Yusuke Yonamine, Keiichi Yoshimatsu, Shih Hui Lee, Yu Hoshino, Yoshio Okahata, Kenneth J. Shea

Research output: Contribution to journalArticlepeer-review

46 Citations (Scopus)

Abstract

Cationic-functionalized polymer nanoparticles (NPs) show strikingly distinct affinities to proteins depending on the nature of the cationic functional group. N-Isopropylacrylamide (NIPAm) polymer NPs incorporating three types of positively charged functional groups (guanidinium, primary amino, and quaternary ammonium groups) were prepared by precipitation polymerization. The affinities to fibrinogen, a protein with an isoelectric point (pI) of 5.5, were compared using UV-vis spectrometry and a quartz crystal microbalance (QCM). Guanidinium-containing NPs showed the highest affinity to fibrinogen.

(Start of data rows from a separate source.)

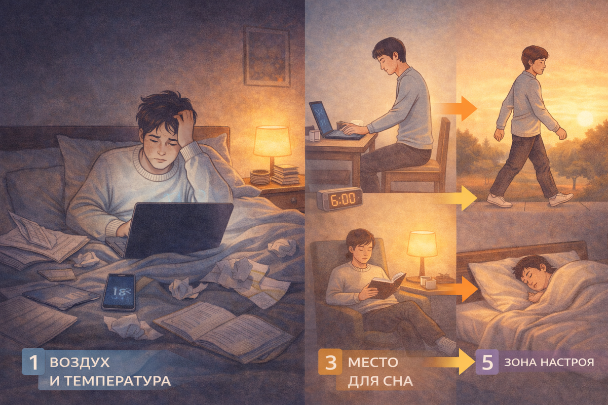 - Если не можете уснуть из-за рабочих мыслей: Воспользуйтесь «правилом 20 минут». Встаньте с кровати, сядьте в другом месте и на бумаге составьте план на завтра. Структурировав хаос, вы уменьшите тревогу.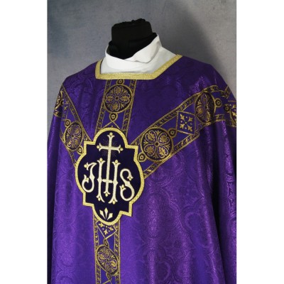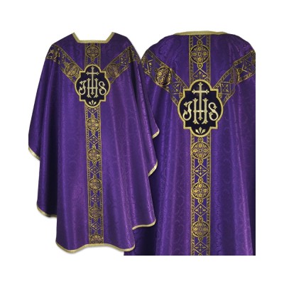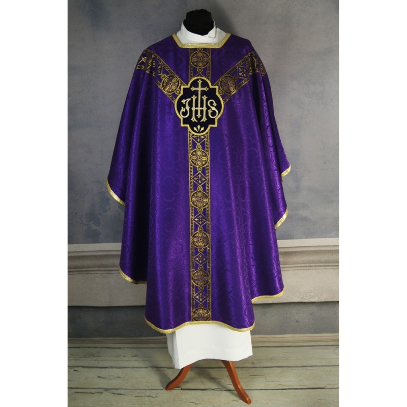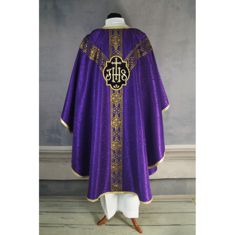 Casula semigótica bordada em alto relevo com linha dourada.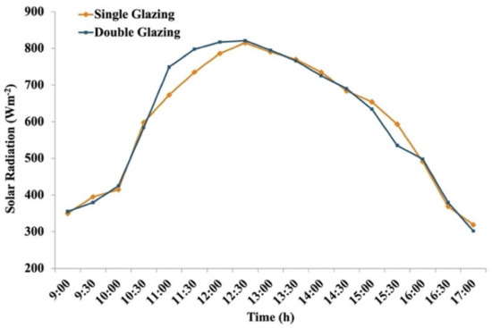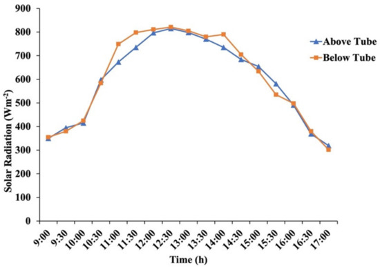 The experiment was performed in a cold climate after establishing steady-state conditions with varying solar intensities on different days and with variations in ambient temperatures. The data recordings for solar intensity were carried out at 30 min intervals for the two cases, which were almost the same as observed in Figure 5.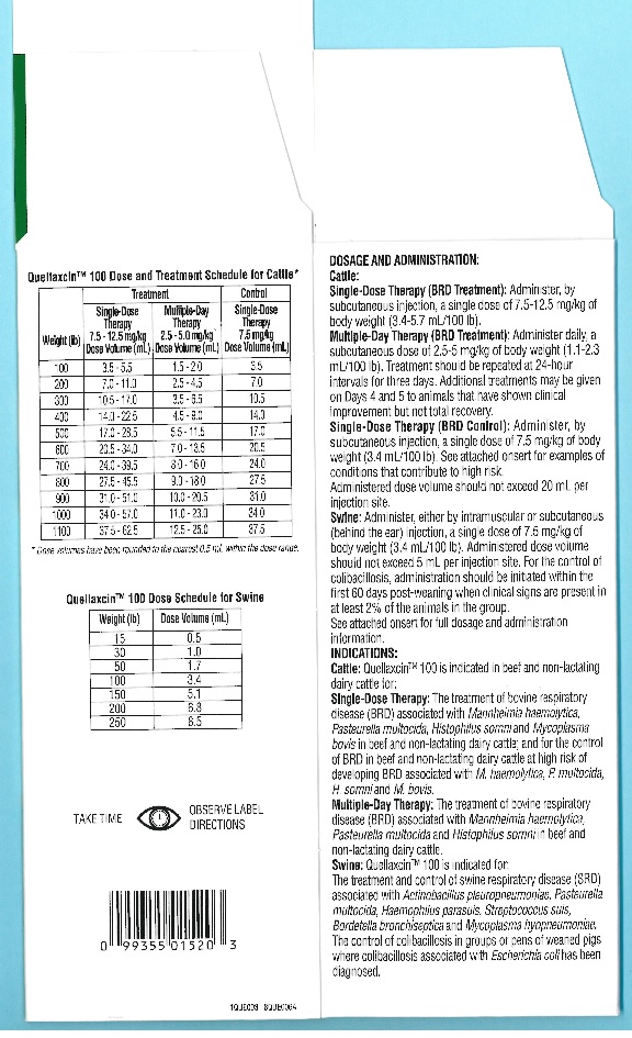 Quellaxcin™ 100 may be administered as a single dose for one day for treatment and control of BRD (cattle), for treatment and control of SRD or for control of colibacillosis (swine), or for multiple days for BRD treatment (cattle). Selection of the appropriate dose and duration of therapy for BRD treatment in cattle should be based on an assessment of the severity of the disease, pathogen susceptibility and clinical response.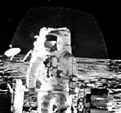 El astronauta Ed Mitchell del Apolo 14 , enfocan la cámara de televisión hacia Fra Mauro…..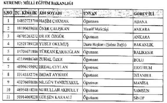 689 sayılı KHK ile görevine iade edilen personelin tam listesi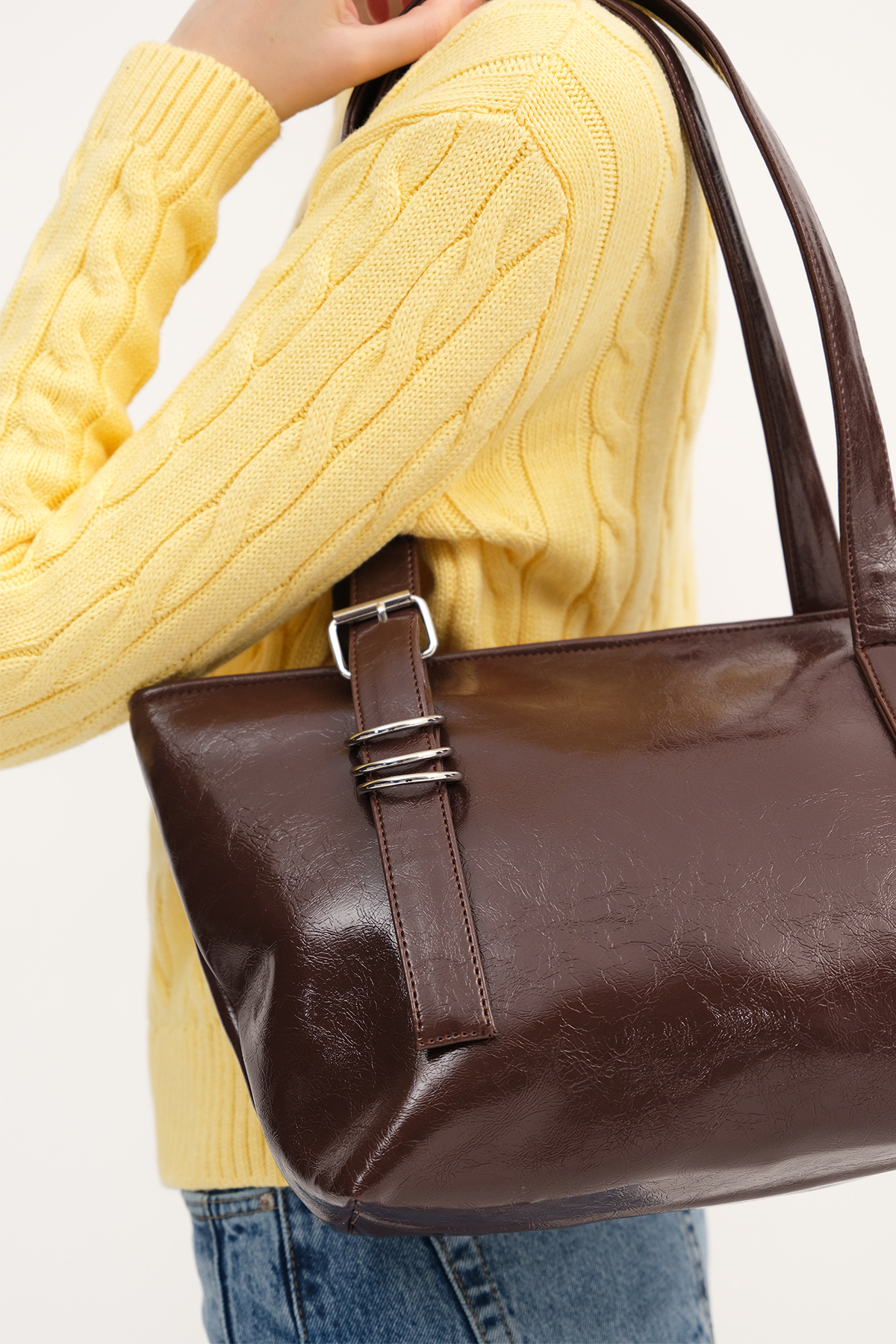 * Parlak görünümlü, kemer ve toka detaylı,* Askılı, astarlı, fermuarlı,* İçerisinde cep bulunmaktadır.* Büyük boy,* El ve omuz çantası,* Ürün içeriği:* Ürün ölçüleri: Yükseklik: 24 cm Genişlik: 35 cm Derinlik: 10 cm* Askı uzunluğu: 70 cm (1-3 cm arasında değişiklik gösterebilir)* Ürün çekimlerinde renkler, ışık farklılığından dolayı değişkenlik gösterebilir.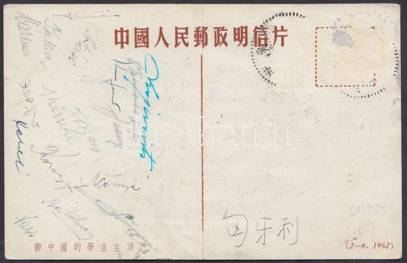 Beschreibung: 1964 a KÃnába delegált magyar "C" futballválogatott és néhány kereten kÃvüli játékos aláÃrása (Tullner, Babolcsay, Várnai, Irtási, Kónya, stb.) KÃnából küldött levelezÅ‘lapon
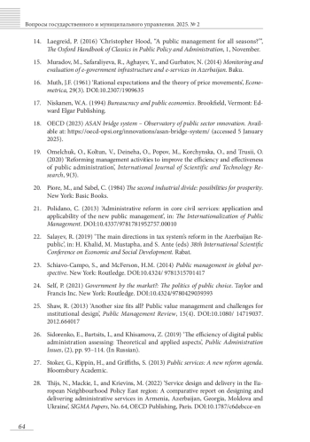 15. Muradov M., Safaraliyeva R., Aghayev Y., Gurbatov N. Monitoring and evaluation of e-government infrastructure and e-services in Azerbaijan. Baku. 2014.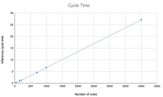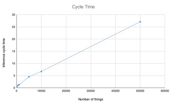 Finally, computational performance is related to the ability of the reasoner to produce an updated, high-level context when required by the IoT applications and devices. Ontologies may show decreased performance as the ecosystem scales up and the volume of data increases [], although Instance Store [] was introduced to partially solve the issue. Rule-based logic, being less resource intensive, shows better performance and behavior with scalable ecosystems [].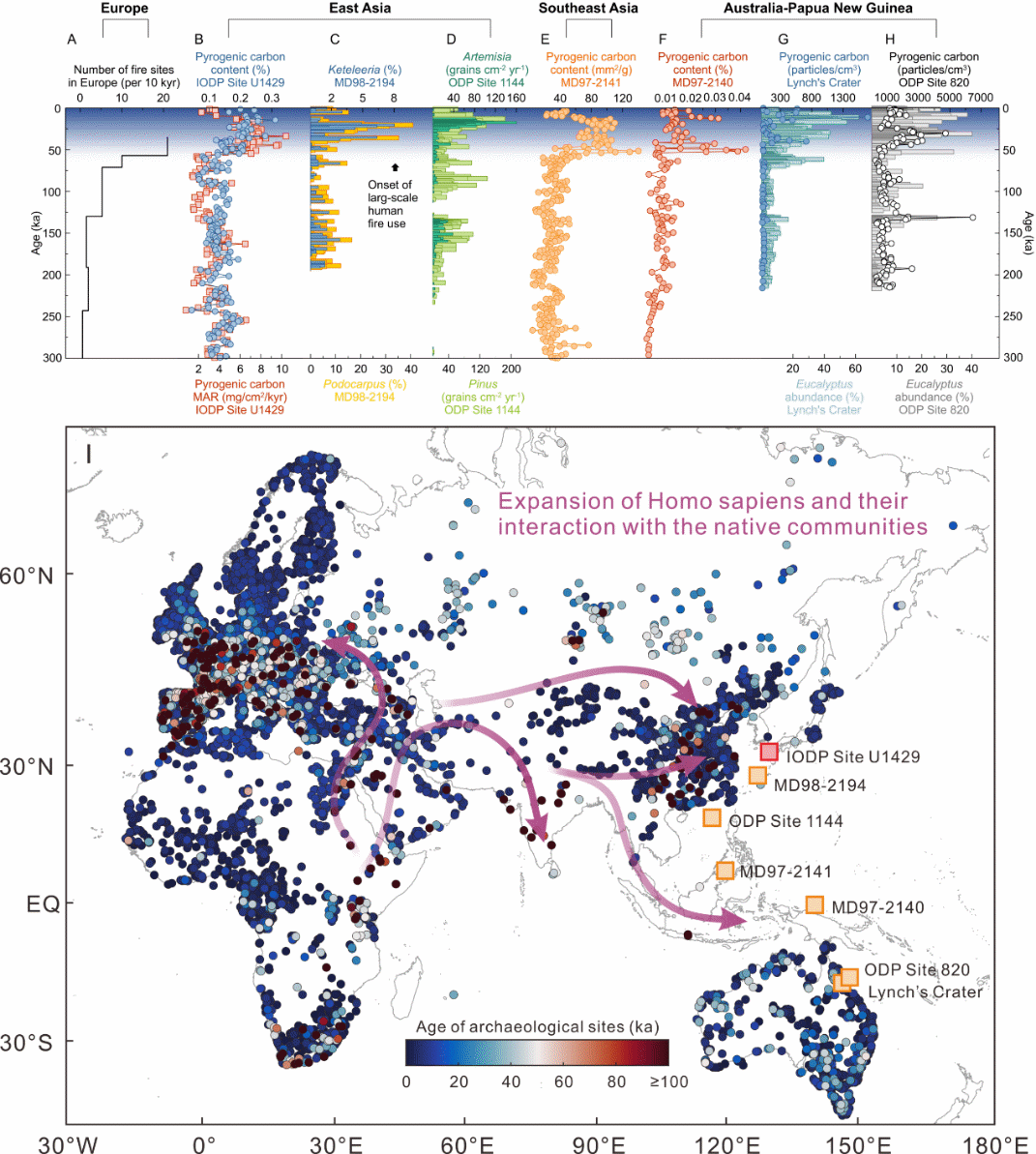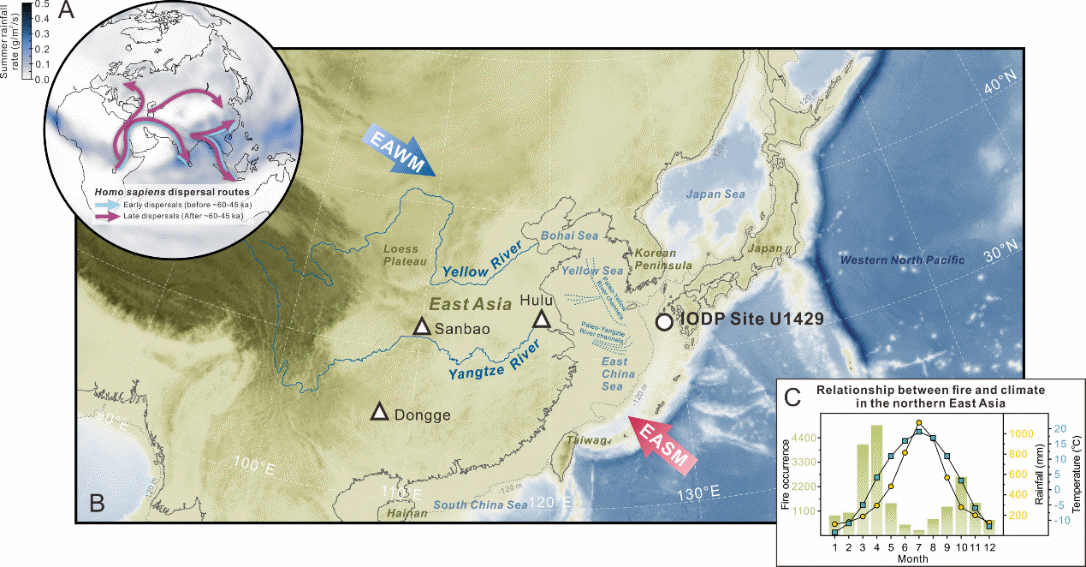 近日,中国科学院海洋研究所万世明团队在《美国国家科学院院刊》(PNAS,Proceedings of the National Academy of Sciences)发表了题为“Onset of extensive human fire use 50,000 y ago”的重要研究成果。该研究基于海洋沉积物中的黑碳记录重建了过去30万年以来东亚北部的古火演化历史,结合欧洲、东亚、东南亚及澳大利亚区域的记录以及考古遗址大数据,发现现代人类的大规模用火始于约5万年前。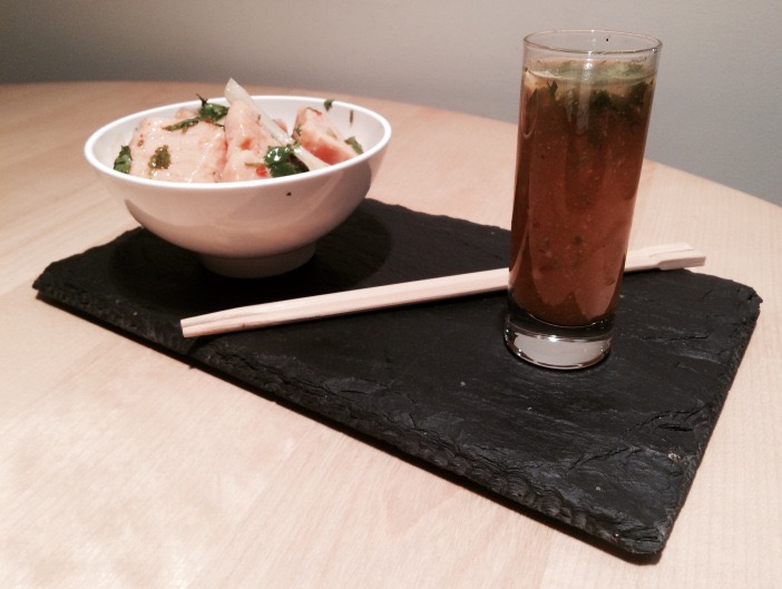 Note that I like to serve the ceviche marinade (leche de tigre) in a shot glass. Not only is it traditional Peruvian practise, it’s also tasty and, if I’m not much mistaken, very healthy (all that vitamin C from the citrus juice!).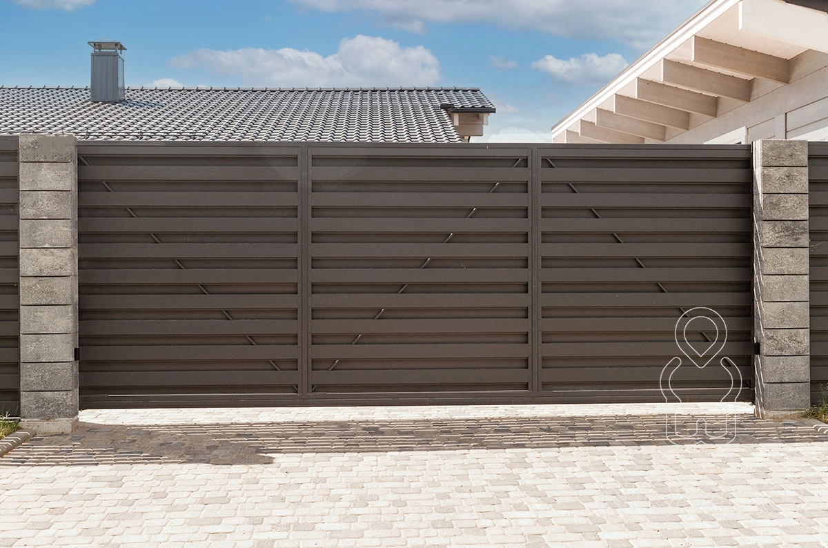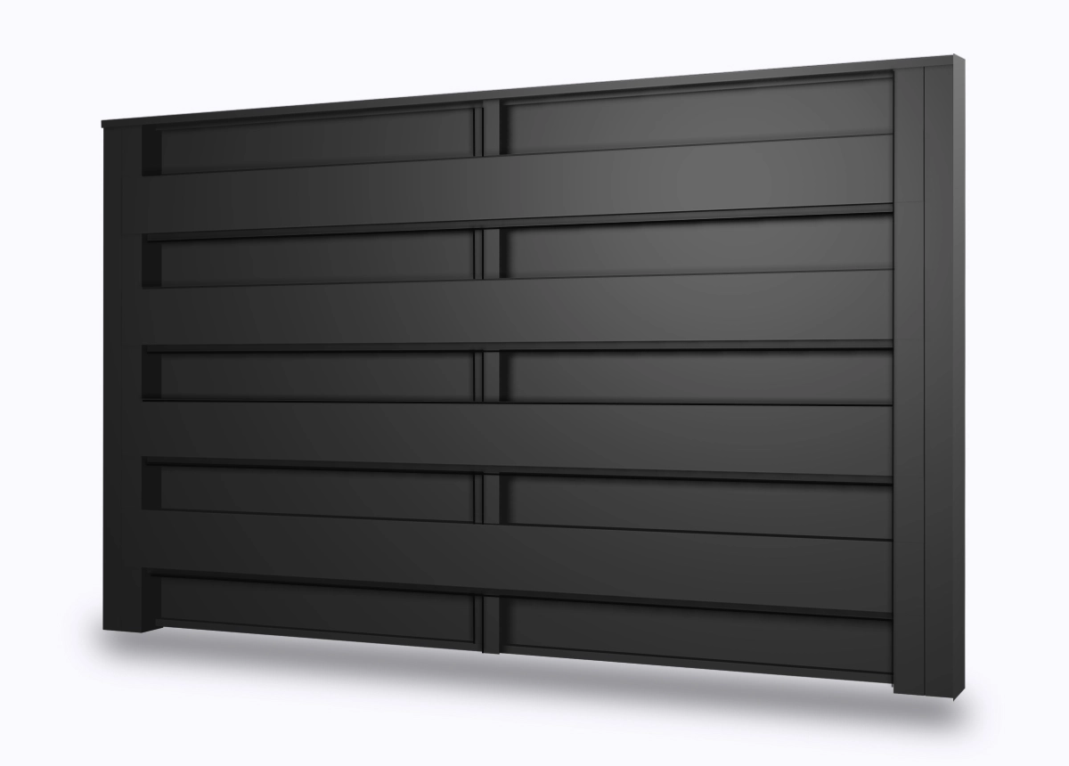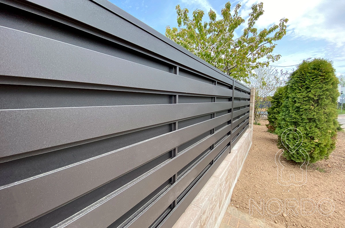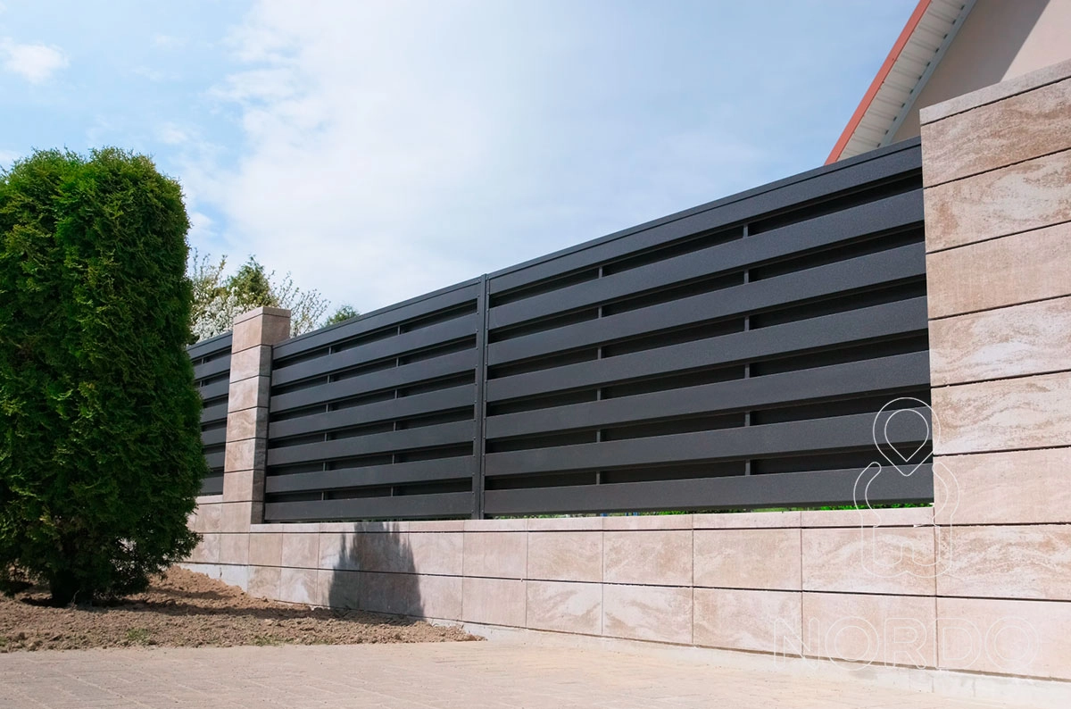 Горизонтальные металлические заборы Ранчо состоят из элементов, расположенных в шахматном порядке. Панели образуют сплошное полотно с выразительной геометрией, глубиной и объемом. При этом воздух свободно проходит через элементы, исключая парусный эффект.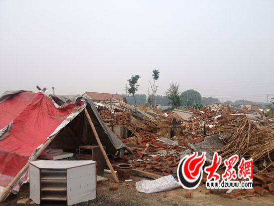 7月4日,金溝子村拒拆戶被村民集體強拆后,在老屋旁搭起帳篷,但帳篷里并無人居住。大眾網記者 李兆輝 攝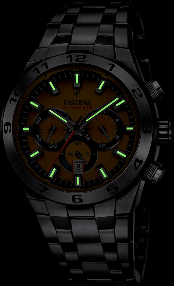 Festina F20670/4 е спортно-елегантен мъжки хронограф, част от емблематичната колекция Chrono Bike. Този модел впечатлява с жълт циферблат и Super-LumiNova покритие за отлична четимост. Корпусът от 316L медицинска стомана и водоустойчивостта до 10 ATM го правят подходящ както за динамично ежедневие, така и за активен спорт. Хронографът и датата на шест часа предлагат практичност, а стоманената верижка със сив цвят подчертава мъжествения характер на модела.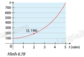 Lúc đầu trong ao có một số con ếch. Người ta ghi nhận số lượng ếch trong 5 năm đầu như Hình 6.19. Giả sử số lượng ếch tăng theo hàm số \(n\left( t \right) = C.{a^t}\).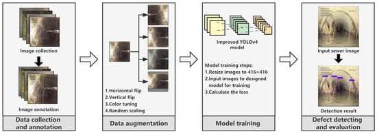 As shown in Figure 1, the overall workflow of this study contains: (1) sewer defect images collection and annotation; (2) image augmentation; (3) the proposed model training; and (4) defect detection and model performance evaluation.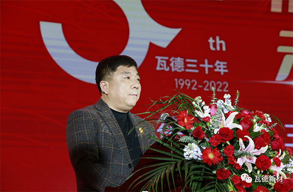 董事長謝富強首先講話,深情感謝各方賓朋。他簡要回顧30年風雨歷程。一個十幾人的小作坊,在艱苦條件下,依靠團結奮斗的精神,誠信經營的理念,不斷創新的勇氣,由小到大,由弱到強,由地面到門窗再到屋面,無論市場如何變遷,始終堅持不懈地打造自已品牌的堅強信念。將一支半手工作業的生產線打造成如今高端智能國際化的生產力量。實現了“瓦冠神州,德行天下”原初的奮斗目標,并將它確立為瓦德人躬身踐行的核心價值和企業永遠的座右銘。

The observation is attributed to strong, specific interactions with carboxylate groups on the protein surface. The affinity of the positively charged NPs to proteins with a range of pIs revealed that protein-NP affinity is due to a combination of ionic, hydrogen bonding, and hydrophobic interactions. Protein affinity can be modulated by varying the composition of these functional monomers in the acrylamide NPs. Engineered NPs containing the guanidinium group with hydrophobic and hydrogen bonding functional groups were used in an affinity precipitation for the selective separation of fibrinogen from a plasma protein mixture. Circular dichroism (CD) revealed that the protein was not denatured in the process of binding or release.

Original languageEnglish
Pages (from-to)374-379
Number of pages6
JournalACS Applied Materials and Interfaces
Volume5
Issue number2
DOIs
Publication statusPublished - Jan 23 2013

All Science Journal Classification (ASJC) codes

  • Materials Science(all)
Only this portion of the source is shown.